Natural soils are heterogeneous, and this soil heterogeneity has two components, namely, qualitative heterogeneity and configurational heterogeneity (Kelly and Canham, 1992; Maestre and Cortina, 2002; Wijesinghe et al., 2005; Maestre and Reynolds, 2007). The former refers to the variations of texture, nutrients, pH, etc., between patches in the soils, while the latter reflects the size of these patches (Dufour et al., 2006). Soil heterogeneity in this study refers to the qualitative heterogeneity. Qualitative heterogeneity affects plant interactions by altering the availability of soil resources such as water and nutrients (Fransen et al., 2001; Schenk, 2006; Zhang et al., 2020).
Plants growing in a population or a community interact with each other (Chesson, 2000; Levine et al., 2017; Garlick et al., 2021). However, how to quantify such interactions is a hot topic in ecology. Many parameters can be applied to quantify plants interactions (Weigelt and Jolliffe, 2003), where relative competition intensity (RCI) is a widely used one. Previous studies found that plant interactions vary with species identity (Catorci et al., 2011; Raath-Krüger et al., 2019) and their growing stages (Yang and Rudolf, 2010; Li et al., 2019). Plant interaction at the early growing stage is crucial for plant establishment in plant populations and communities (Lortie and Turkington, 2008; Hart et al., 2018), and warrants more research. Plant height is a good indicator of plant interactions since it plays a vital role in determining light interception (Xiao et al., 2007), and thus, it is widely applied to quantify plant interactions non-destructively (Cui et al., 2004; Chen and Nelson, 2006; Xiao et al., 2007).
To explore the effects of soil heterogeneity and species identity on plant interactions, a controlled experiment was conducted, where three levels of soil heterogeneity were developed by mixing local soil and sand in three different ratios (i.e., soil:sand ratio = 2:8, 5:5, and 8:2), and three typical forage grasses were used (Festuca elata, Bromus inermis, and Elymus breviaristatus).

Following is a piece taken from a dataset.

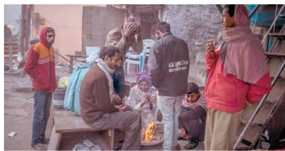
People warm themselves around a bonfire on a cold morning in New Delhi on Tuesday.

FORDA, in a statement issued late evening, said, "Since the voices of thousands of resident doctors are not being heard by the authorities, we have returned the 'taalis and thaalis' that were clamoured, and 'phool' (flowers) which were showered upon us during the previous waves of Covid-19 pandemic".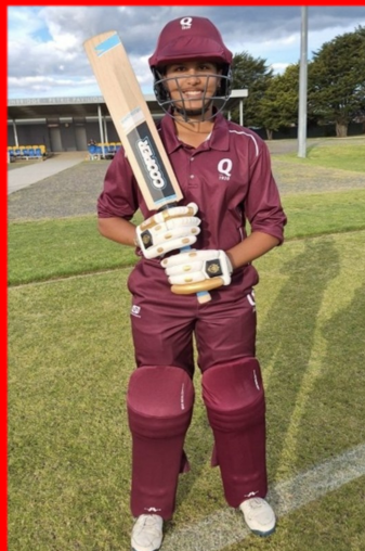
2025 10-12 Years Girls Queensland Representative School Sport Cricket Team

RCI was applied to quantify plant interactions, where RCI was calculated as a direct ratio of monoculture and mixture performance, and positive (or negative) values simply indicated that a plant individual experiences stronger (or weaker) competition in mixtures compared with growing alone (Weigelt and Jolliffe, 2003). Specifically, we put forward three hypotheses: (i) RCI is expected to increase with increasing soil heterogeneity, where higher soil heterogeneity could reduce plant interactions due to an increase in the available resources at higher soil heterogeneity levels (Levine et al., 2017; Liu et al., 2017b); (ii) Such patterns may be modified by plant species identity since responses to soil heterogeneity can be modified via strategies or traits such as plasticity (Hodge, 2004; Craine and Dybzinski, 2013); (iii) Soil heterogeneity and species are assumed to jointly affect RCI since plant responses to soil resources depend on their neighbor identity and the distribution pattern of soil resources (Mommer et al., 2012; Garlick et al., 2021).
Materials and Methods
Experimental Design
This experiment was conducted at Linze Grassland Agriculture Trial Station of Lanzhou University (m.a.s.l. 1,400 m, 100°3′25″E, 39°14′30″N), in Gansu Province, China. This station is located in the middle of the Hexi Corridor (Hou and Shen, 1999). It is characterized by a temperate continental arid monsoon climate. The mean annual temperature and mean annual precipitation are 9.3°C and 112.9 mm, respectively. Temperatures range between extremes of 3°C and −28°C, and more than 60% of the rainfall occurs in summer and autumn, while the mean annual evaporation is 2,338 mm. The natural soils are saline due to the large difference between rainfall and evaporation (Zhu et al., 1997).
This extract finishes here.